See additionally: Deepgram Nova-3 Medical: AI speech mannequin cuts healthcare transcription errors

Need to study extra about AI and large knowledge from business leaders? Try AI & Big Data Expo going down in Amsterdam, California, and London. The great occasion is co-located with different main occasions together with Intelligent Automation Conference, BlockX, Digital Transformation Week, and Cyber Security & Cloud Expo.

Discover different upcoming enterprise expertise occasions and webinars powered by TechForge here.

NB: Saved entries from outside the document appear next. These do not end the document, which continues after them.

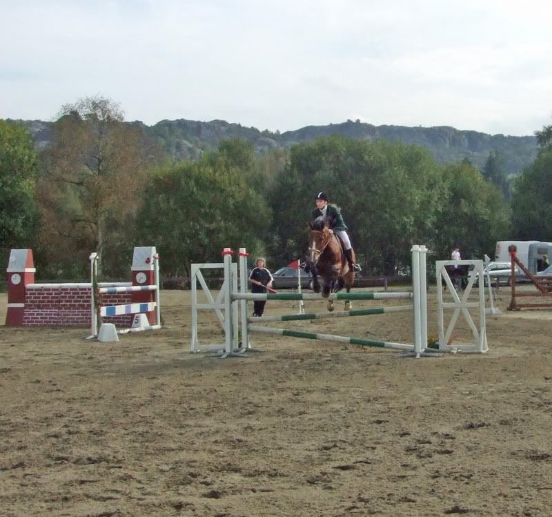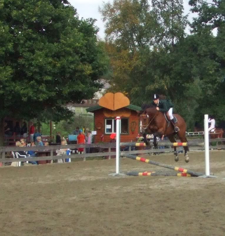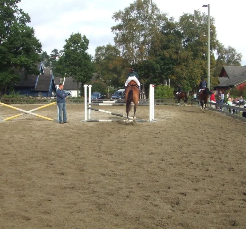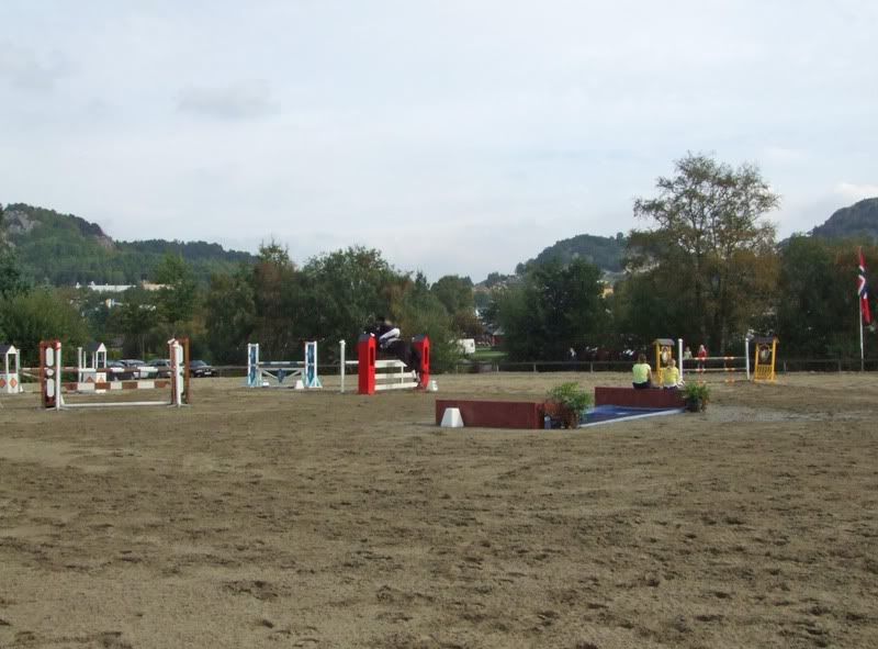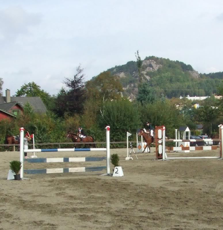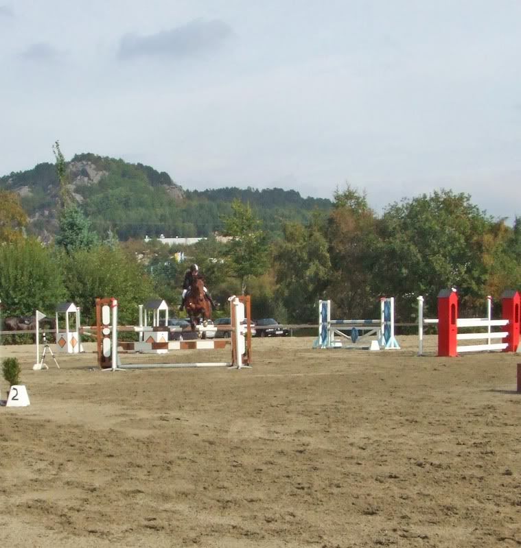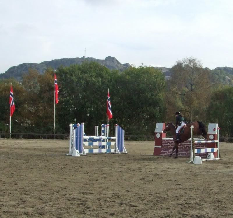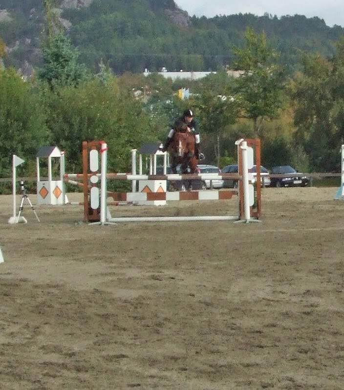 Fikk ikke plasseringer nei, men er fornøyd for det, for Cheri gikk ganske bra (dro litt og ble litt sterk da, hehe, sitter der og piiiiholder på henne:p) Tok med oss en bom i 1m, men hadde best tid av de med 4 feil da:) Ogg fikk et stopp i komb.-en i 110 som var kun min feil. Stressa med og holde henne etter muren og holdt så mye igjen at jeg, ikke hesten, stoppet forann hinderet (oppdaget først at det var min feil da jeg så videoen etterpå:p)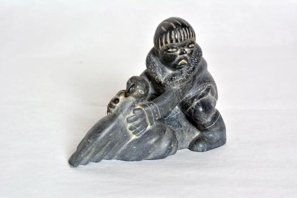 Statua raffigurante un uomo inuit mentre cattura due uccelli artici.\nCome da descrizione in elenco.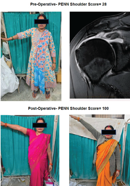 Figure 4: 39-year-old female patient presented with a right shoulder full-thickness supraspinatus tear after a fall injury. She experienced progressive shoulder pain for a year, difficulty in dressing and lifting objects, and had failed physiotherapy. Her pre-operative PENN Shoulder score (PSS) was 28, and magnetic resonance imaging showed full full-thickness supraspinatus tear. Single-row arthroscopic repair was done. Final follow-up up- showing excellent outcome with a PSS of 100.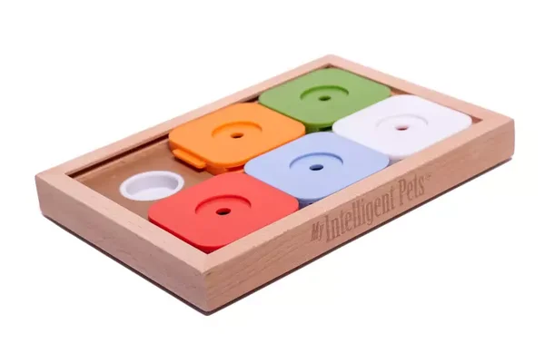 De Sudoku Medium Advanced is een geweldige manier om je hond mentaal te verrijken. Dit houten spel heeft vijf kleurrijke schuifstukjes die verplaatst kunnen worden om traktaties eronder te vinden.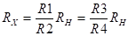 Допустим, что не известно сопротивление R1=RX, тогда из условия равновесия моста получаем    Это выражение является основным уравнением для расчета искомого сопротивления. Равновесие моста достигается подбором сопротивления R2 или изменением отношения R3/R4.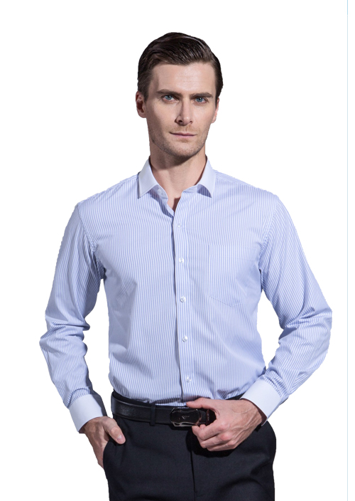 品名:男短袖小領(lǐng)襯衣;版型:普通版;貨號:TW6001 ;面料:T6001;顏色:藍豎條紋白領(lǐng)白袖口 ;Fabric:C60/T40/80/2S*45S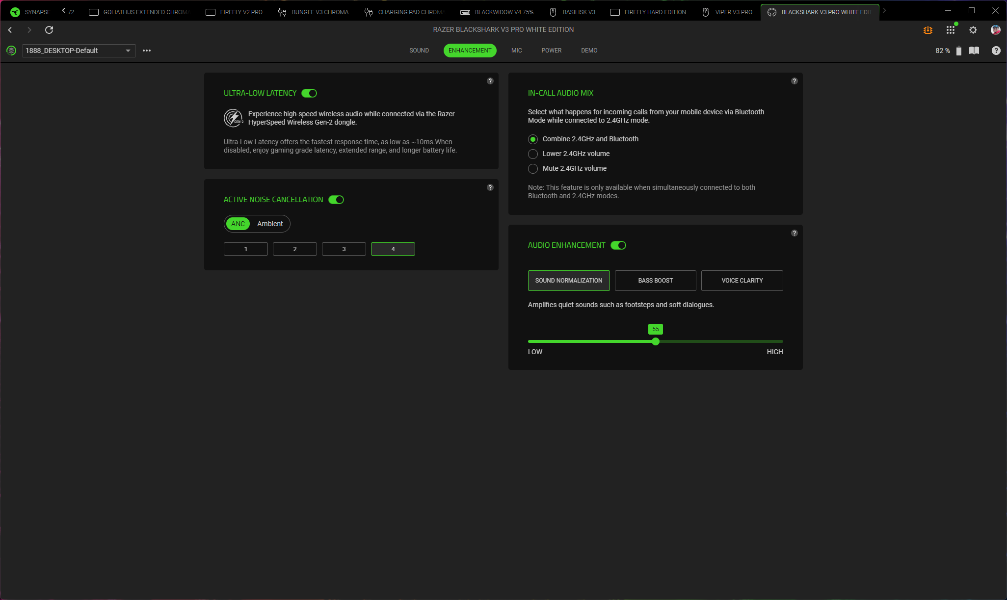 Раздел Enhancement включает включение функции ультранизкой задержки через HyperSpeed Wireless Gen‑2, настройки поведения принятия звонков через Bluetooth и три ключевые функции усиления звука. Sound Normalization выравнивает громкость различных источников, предотвращая резкие скачки при переключении между приложениями. Bass Boost добавляет мощности низким частотам для любителей более насыщенного звука, хотя это может повредить позиционной точности в соревновательных играх. Voice Clarity улучшает разборчивость диалогов и командного чата, поднимая средние частоты. Также здесь присутствует секция Active Noise Cancellation, предлагающая четыре уровня интенсивности шумоподавления плюс «прозрачный» режим Ambient.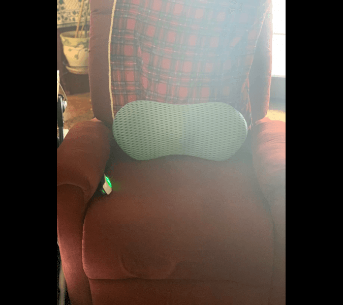 "Min man kände stor skillnad med denna kudden i alla stolar. Vi tar med det överallt eftersom den är så lätt att vika ihop och lägga tillbaka i påsen. Han kände lindring från första dagen. Är så glad att jag köpte det till honom!"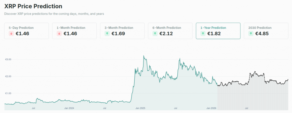 Napoved cene za XRP s portala CoinCheckup predvideva, da bo XRP v tem letu dosegel vrhunec pri €2.29, kar bi predstavljalo 54% rast glede na trenutno ceno.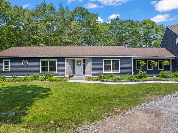Take a look at this beauty! This 2005 Ranch has so much to offer and sits on 5.9 acres. As you enter through the front door, you'll find yourself in a mudroom area that opens up to the inviting living room that features a charming wood-burning fireplace and an updated kitchen with an island and smart fridge. The dining area has sliding doors that lead out to the deck and backyard. Down the distinctive curved hallway, you'll find the general bathroom and three bedrooms, including the master suite, which features a walk-in closet and a full bath.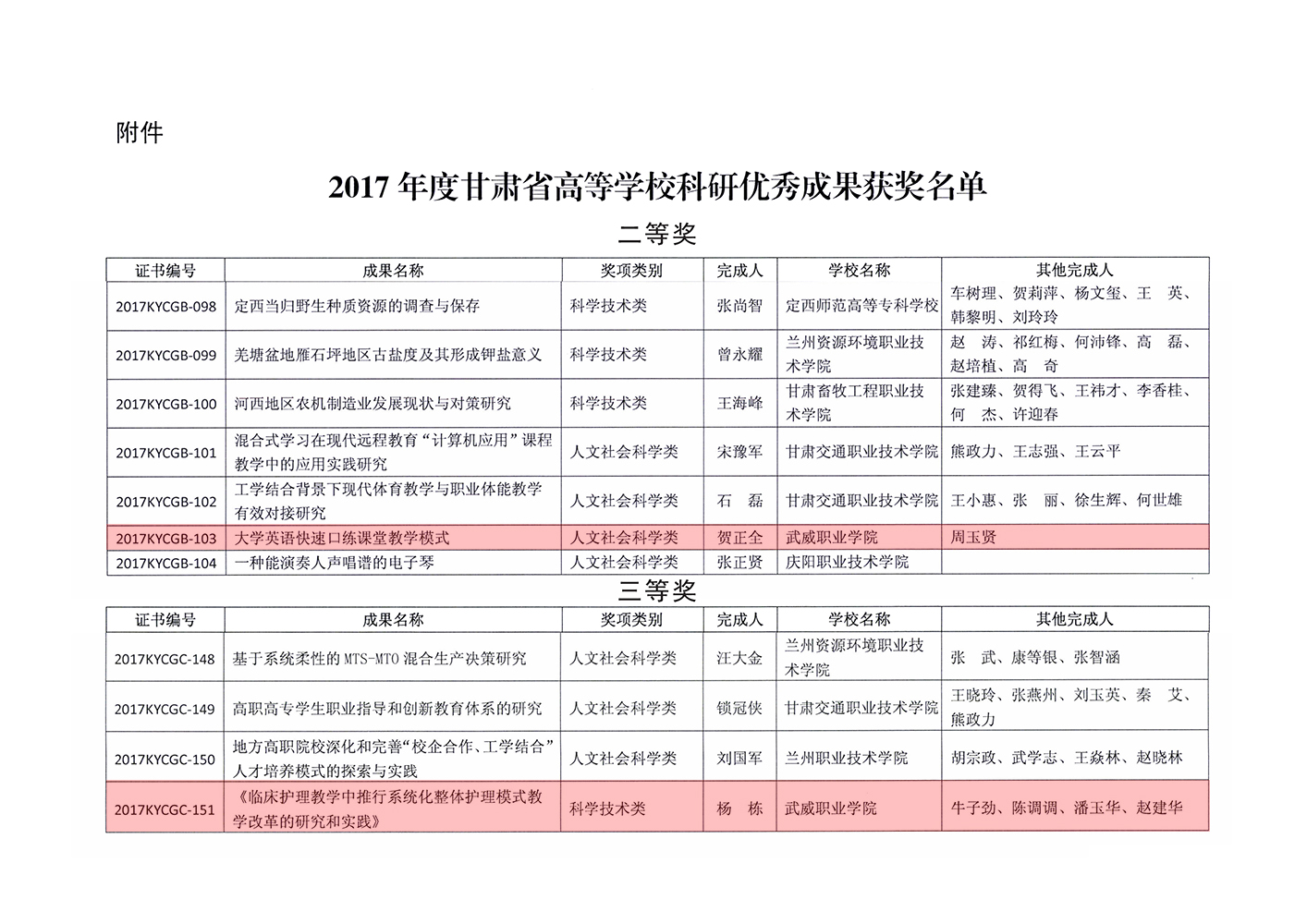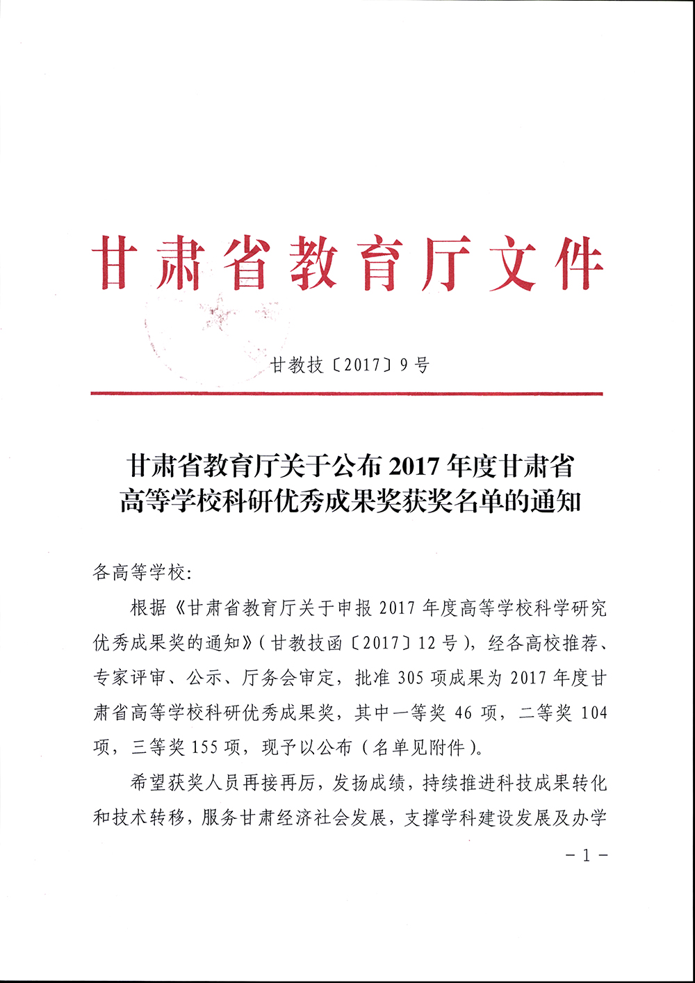 轉(zhuǎn)發(fā)甘肅省教育廳關于公布2017年度甘肅省高等學??蒲袃?yōu)秀成果獎獲獎名單的通知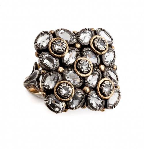 Sortija portuguesa ff. S.XIX con diseño de flores de cristal de roca facetado que componen un cuadrado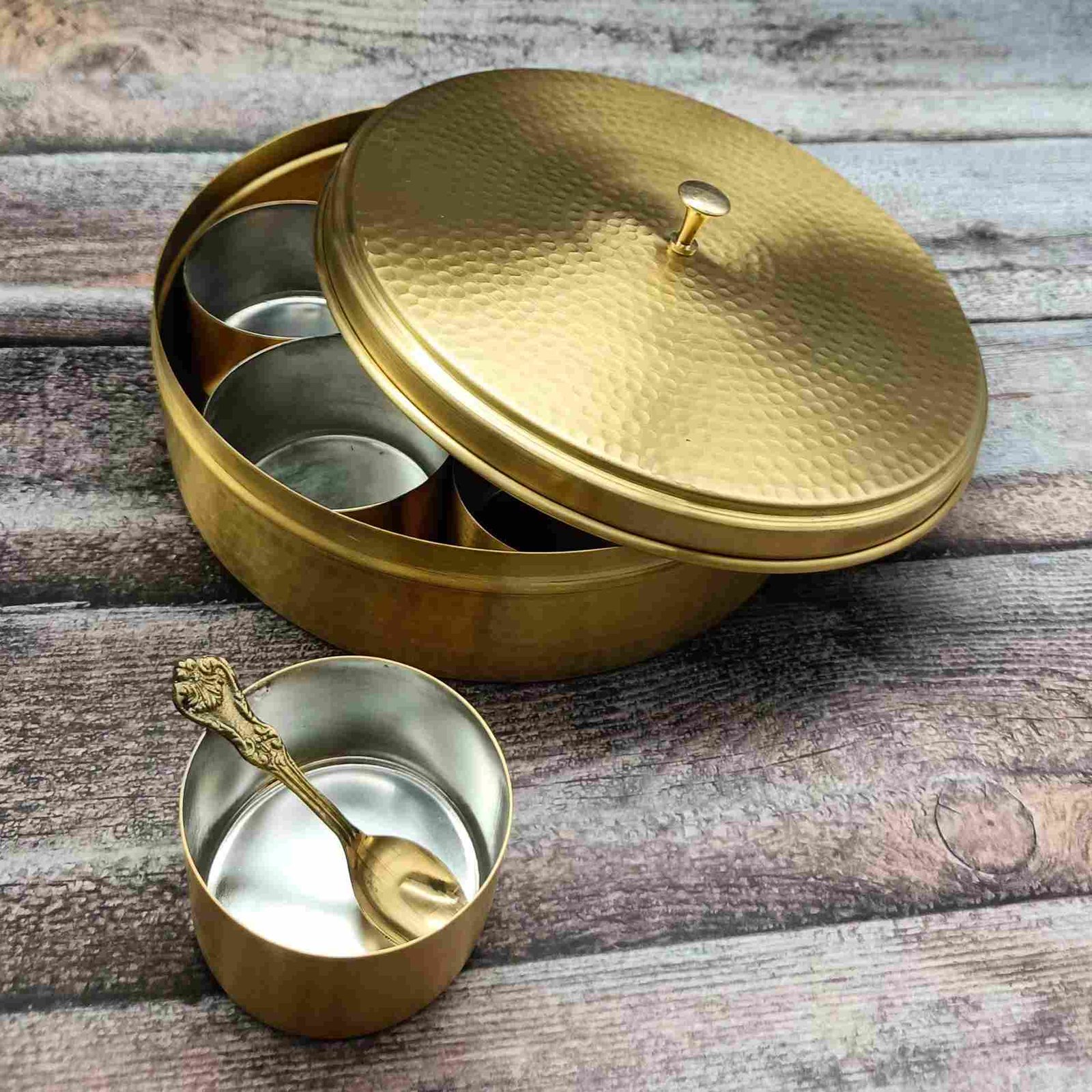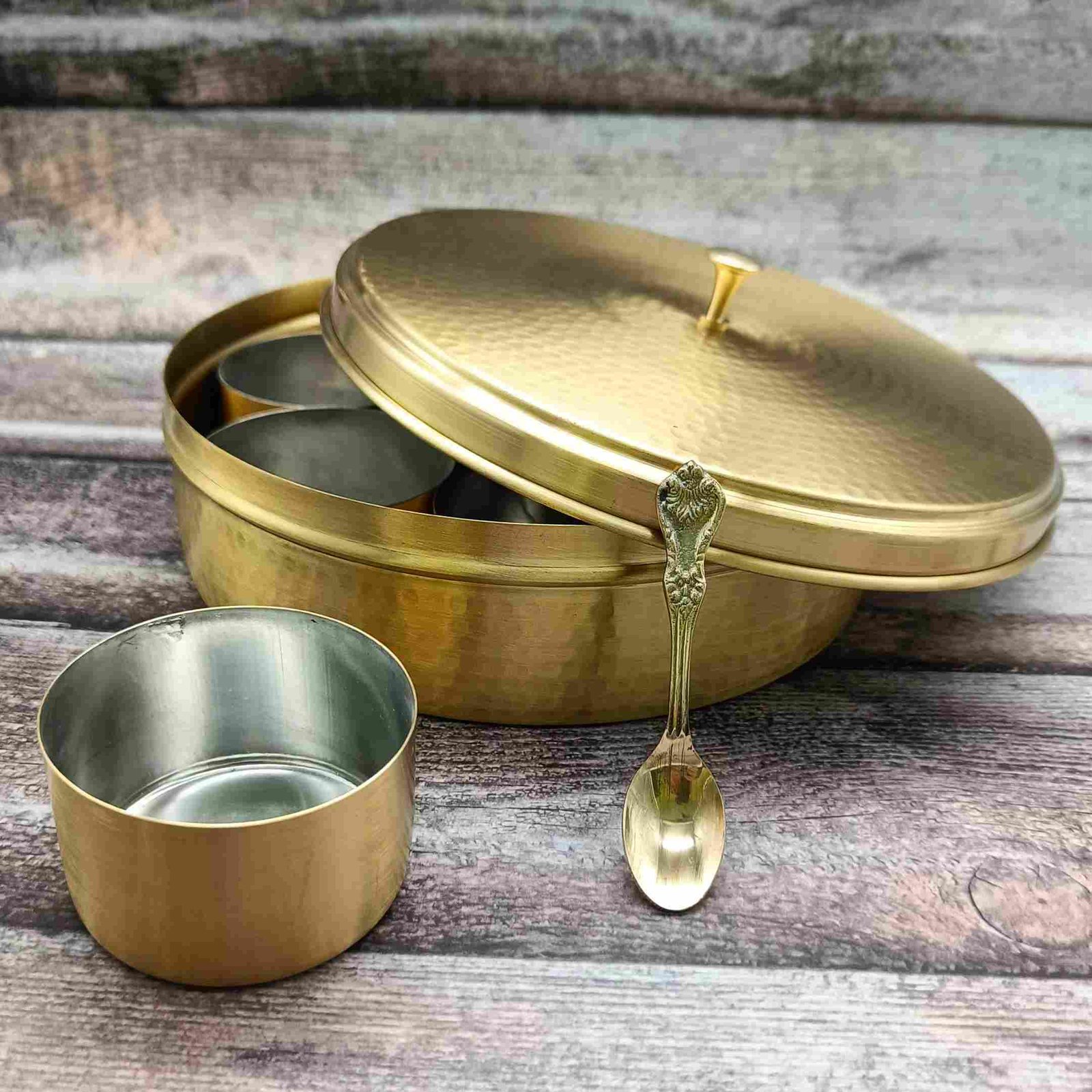 Handcrafted Brass Hammered Masala Daani | Masala Box with Lid & 7 Tin-Coated Containers | Traditional Spice Storage Box for Kitchen with Spoon - 8 Inch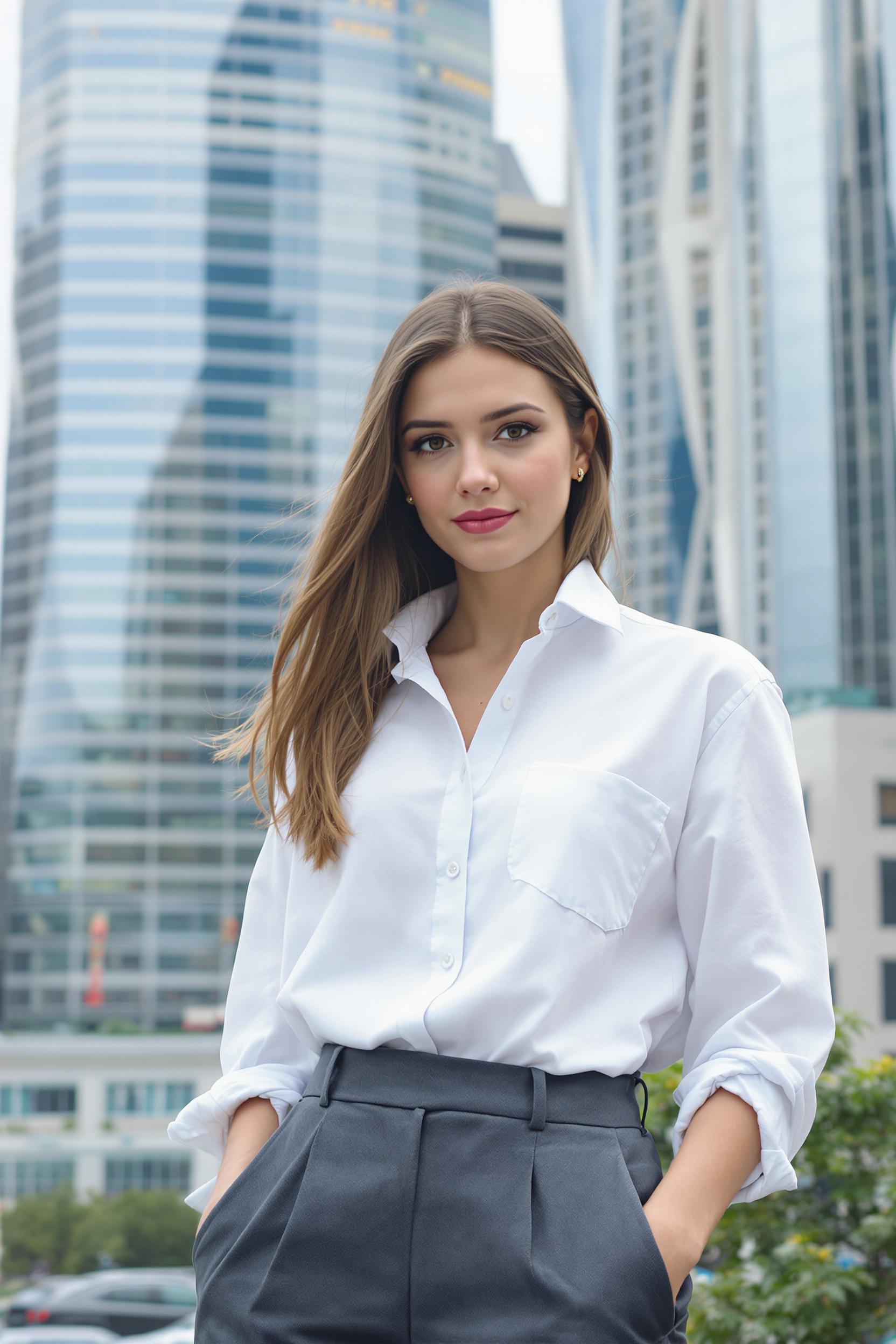 Деловая женщина в свободной белой рубашке и тёмно-серых широких брюках, средний план, стоит на фоне современных башен Москва-Сити, руки в карманах, уверенный прямой взгляд в камеру, выражение лица собранное, вокруг оживленный мегаполис.

See also  The role of machine learning in enhancing cloud-native container security

Source link

TAGGED: Alibaba, Learning, Qwen, QwQ32B, reinforcement, Scaled, showcase
Share This Article
Twitter Email Copy Link Print
Previous Article TickPick TickPick Acquires Fanimal
Next Article Alessandro Bruno, CTO, and Matthijs Rijlarsdam, CEO, QuantWare Quantware Raises €20M in Series A Funding
Leave a comment

Leave a Reply Cancel reply

Your email address will not be published. Required fields are marked *

Your Trusted Source for Accurate and Timely Updates!

Our commitment to accuracy, impartiality, and delivering breaking news as it happens has earned us the trust of a vast audience. Stay ahead with real-time updates on the latest events, trends.
FacebookLike
TwitterFollow
InstagramFollow
YoutubeSubscribe
LinkedInFollow
MediumFollow
- Advertisement -
Ad image

Popular Posts

Virtue Drinks Raises £2M in Funding

Virtue Drinks, a London, UK-based clear vitality drink supplier, raised £2M in funding. Backers included…

November 21, 2024

Upskilling is the key to creating AI talent fit for the future

Lauren Birch, Expertise and Expertise Lead, Turing Innovation Catalyst Manchester, discusses the significance of upskilling…

August 13, 2024

Aibidia Raises $28M in Series B Funding

Aibidia, a Helsinki, Finland-based AI-powered fintech firm, raised $28M in Collection B funding. The spherical…

June 4, 2025

Adoption comes at high security cost

The retail trade is among the many leaders in generative AI adoption, however a brand…

September 24, 2025

Iceotope announces the retirement of CEO David Craig

Iceotope has introduced the retirement of David Craig from the place of CEO efficient from…

July 29, 2024

You Might Also Like

ASML's high-NA EUV tools clear the runway for next-gen AI chips
AI

ASML’s high-NA EUV tools clear the runway for next-gen AI chips

By saad
Poor implementation of AI may be behind workforce reduction
AI

Poor implementation of AI may be behind workforce reduction

By saad
Upgrading agentic AI for finance workflows
AI

Upgrading agentic AI for finance workflows

By saad
Goldman Sachs and Deutsche Bank test agentic AI for trade surveillance
AI

Goldman Sachs and Deutsche Bank test agentic AI in trading

By saad
Data Center News
Facebook Twitter Youtube Instagram Linkedin

About US

Data Center News: Stay informed on the pulse of data centers. Latest updates, tech trends, and industry insights—all in one place. Elevate your data infrastructure knowledge.

Top Categories
  • Global Market
  • Infrastructure
  • Innovations
  • Investments
Usefull Links
  • Home
  • Contact
  • Privacy Policy
  • Terms & Conditions

© 2024 – datacenternews.tech – All rights reserved

Welcome Back!

Sign in to your account

Lost your password?
We use cookies to ensure that we give you the best experience on our website. If you continue to use this site we will assume that you are happy with it.
You can revoke your consent any time using the Revoke consent button.